Work to be completed -
Set every record down again exactly. Do not carry over the pictures.
═══ Data extracts ═══
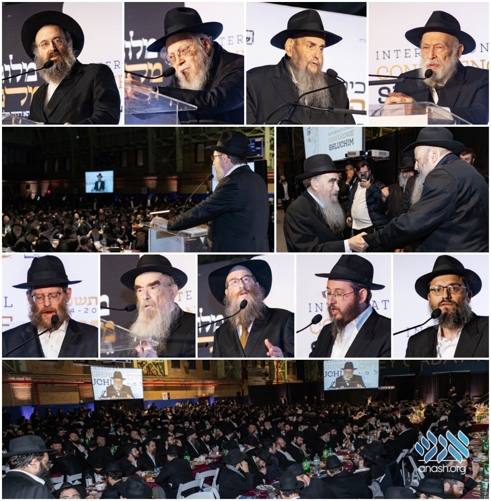 Thousands of shluchim gathered on Motzei Shabbos for the Melave Malka of the Kinus Hashluchim, with speakers delivering emotionally-charged addresses and inspirational calls to action.
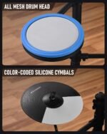 Rocksocki Electric Drum Set, Electronic Drum Kit for Beginner Junior with 180 Sounds, 4 Quiet Mesh Pads, 9″ Cymbals, USB MIDI, 2 Pedal, Throne, Headphones, Sticks
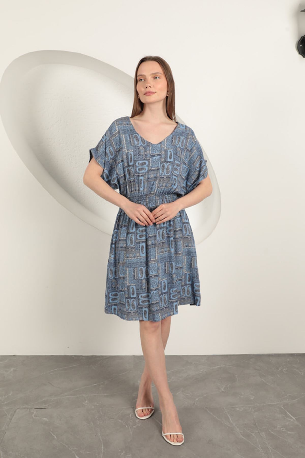 Diger84317Viskon Kumaş Gipeli Elbise-Saks
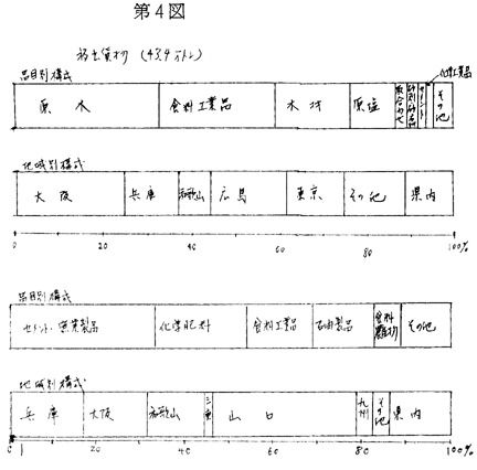 4.開港場に指定されているが、一般に考える昔風の貿易港的な性格を持つものでなく、「阪神に対する貯木のための外港」的性格が極めて濃厚であり、また今後地場産業が発達した時点においても原木輸入港の性格を持続するであろう。
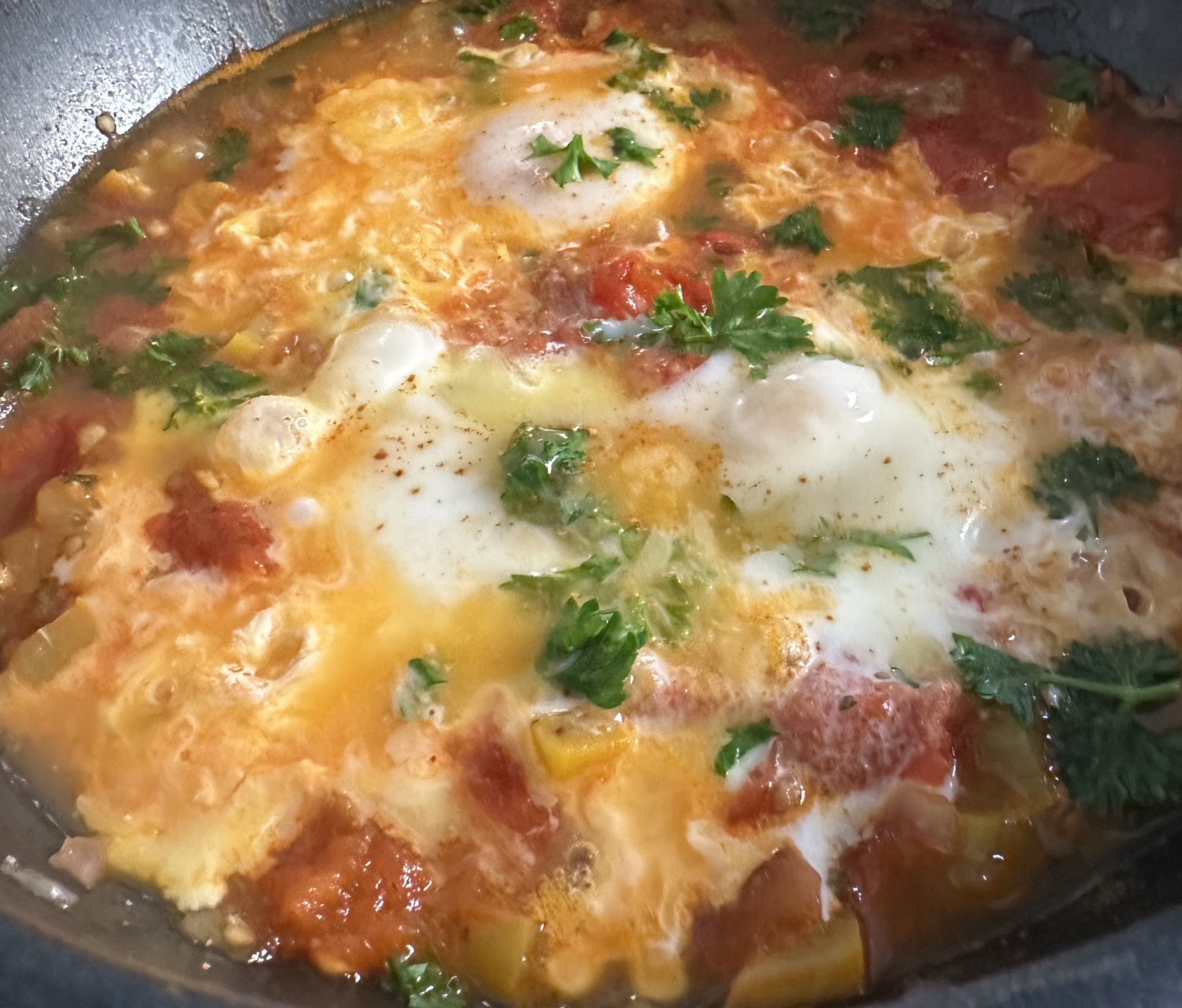 Tak się wkurzyłam na ten ból brzucha, ze zrobiłam shakshuke( jaja specjalnie”rozłalam” po patelni bo nie lubię jak mi żółtko „pływa” 😂)
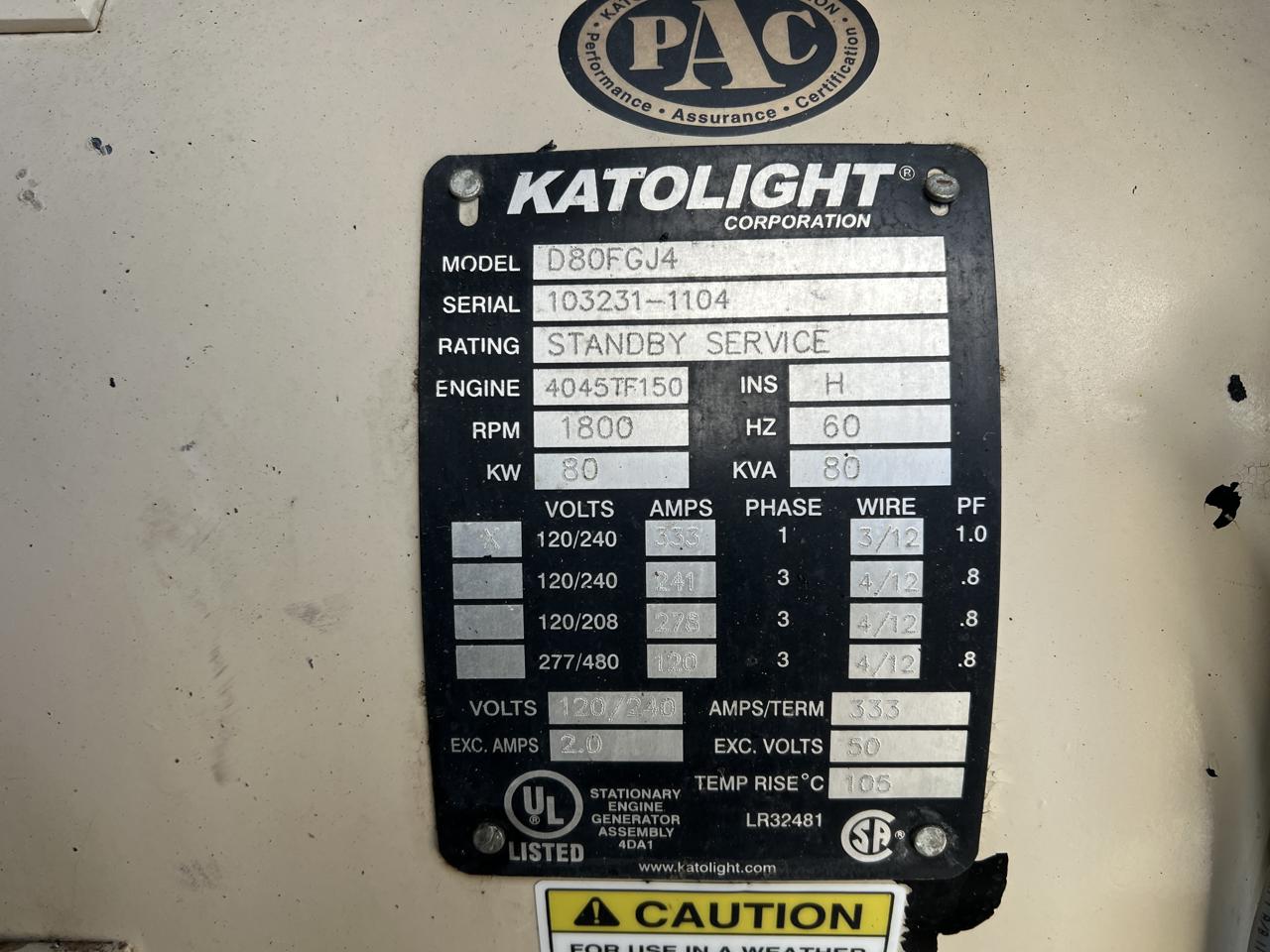 - Engine Description80 kW Katolight Generator, with Sound Enclosure and Base Tank, 4.5 Liter John Deere Engine, 134 Hours
═══
Task answer -
 Thousands of shluchim gathered on Motzei Shabbos for the Melave Malka of the Kinus Hashluchim, with speakers delivering emotionally-charged addresses and inspirational calls to action.
 Rocksocki Electric Drum Set, Electronic Drum Kit for Beginner Junior with 180 Sounds, 4 Quiet Mesh Pads, 9″ Cymbals, USB MIDI, 2 Pedal, Throne, Headphones, Sticks
 Diger84317Viskon Kumaş Gipeli Elbise-Saks
 4.開港場に指定されているが、一般に考える昔風の貿易港的な性格を持つものでなく、「阪神に対する貯木のための外港」的性格が極めて濃厚であり、また今後地場産業が発達した時点においても原木輸入港の性格を持続するであろう。
 Tak się wkurzyłam na ten ból brzucha, ze zrobiłam shakshuke( jaja specjalnie”rozłalam” po patelni bo nie lubię jak mi żółtko „pływa” 😂)
 - Engine Description80 kW Katolight Generator, with Sound Enclosure and Base Tank, 4.5 Liter John Deere Engine, 134 Hours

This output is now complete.